At a high level, when an identity has to gain access to a resource or an environment (for example, a user logging in to an AWS account), the user has to identify itself in the form of a username, and then verify that they are who they say they are, which is normally confirmed in the form of a password. If the verification process is successful, the identity is then authenticated. Authentication simply means that the identity has correctly identified itself as an identity that is permitted to gain access.
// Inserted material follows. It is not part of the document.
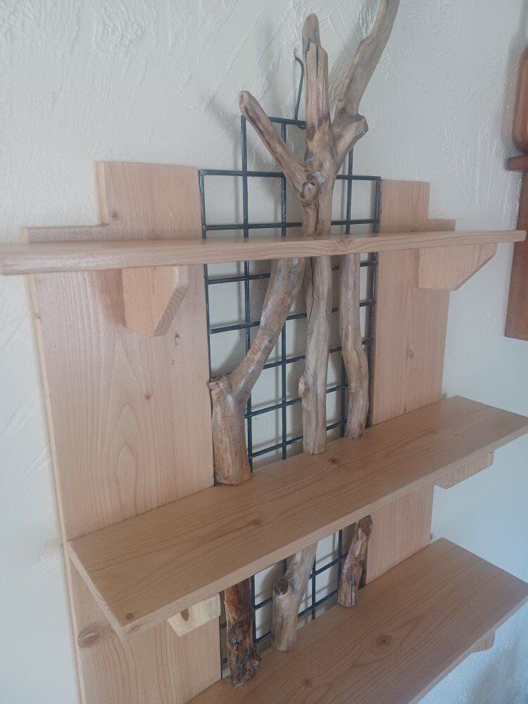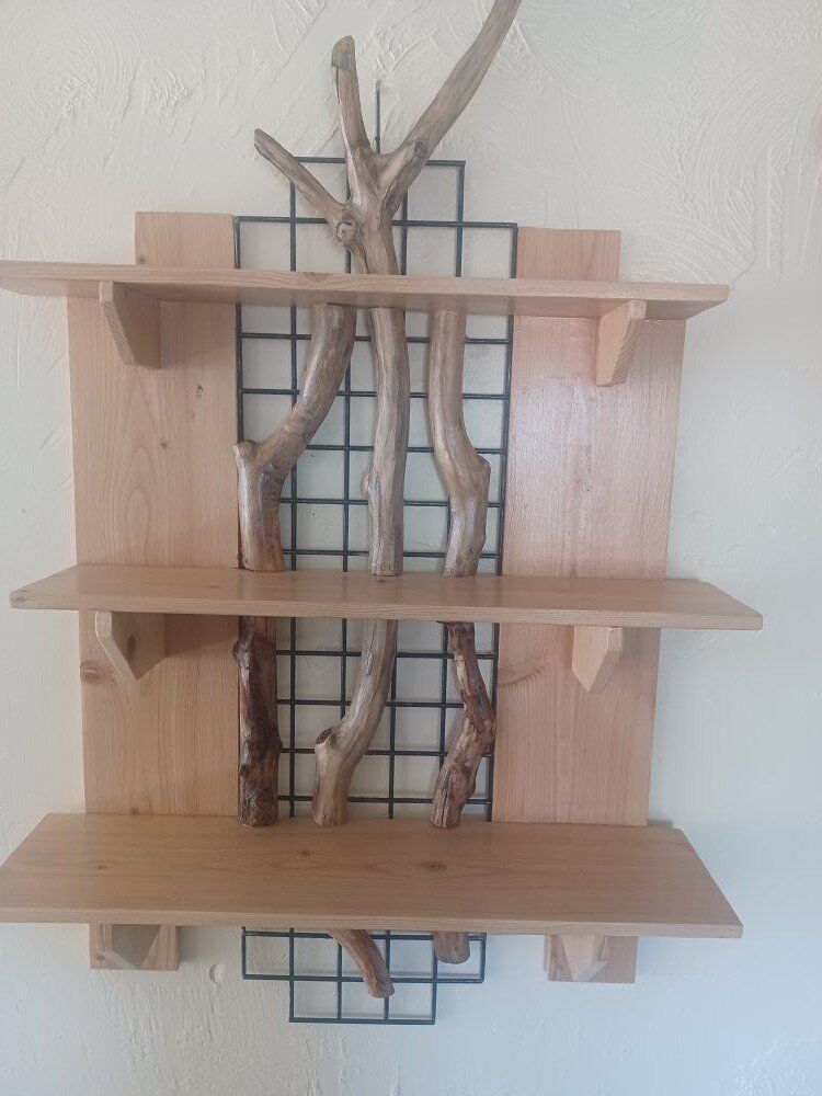 One of a kind shelving display unit. 33" H x 26" W x 8" D. Hand crafted by local artist.
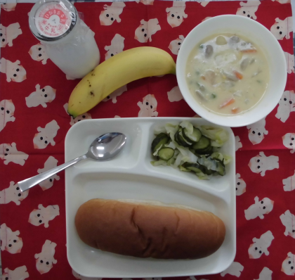 今日の献立は、黒糖パン、コーンクリームシチュー、グリーンサラダ、バナナ、牛乳です。

When you are authenticating to a system, your identity has to be a unique identity to ensure that there is no confusion with other identities. You have probably seen this yourself if you have tried to sign up to a newsletter on a website or have created a new email address. Your first attempt of an ID may have been rejected because it was already in use. In such a situation, you have to come up with another unique login ID. The password, however, does not have to be unique; it's likely that multiple identities for the same system are using the same password, without even knowing it.

Without realizing it, many of us perform actions relating to the principles of authentication on a daily basis; it's not just a process related to the cloud or computers. For example, we all use credit/debit cards, and when we pay for something with our card, we are essentially providing an identity to the card reader, defining who we are and ensuring that we can pay for the item we are buying. The verification of that identity comes in the form of a pin number; this verification completes the authentication to the bank, and the money is deducted from our account.

So, authentication is a two-step process, comprised of an identity and the verification of that identity.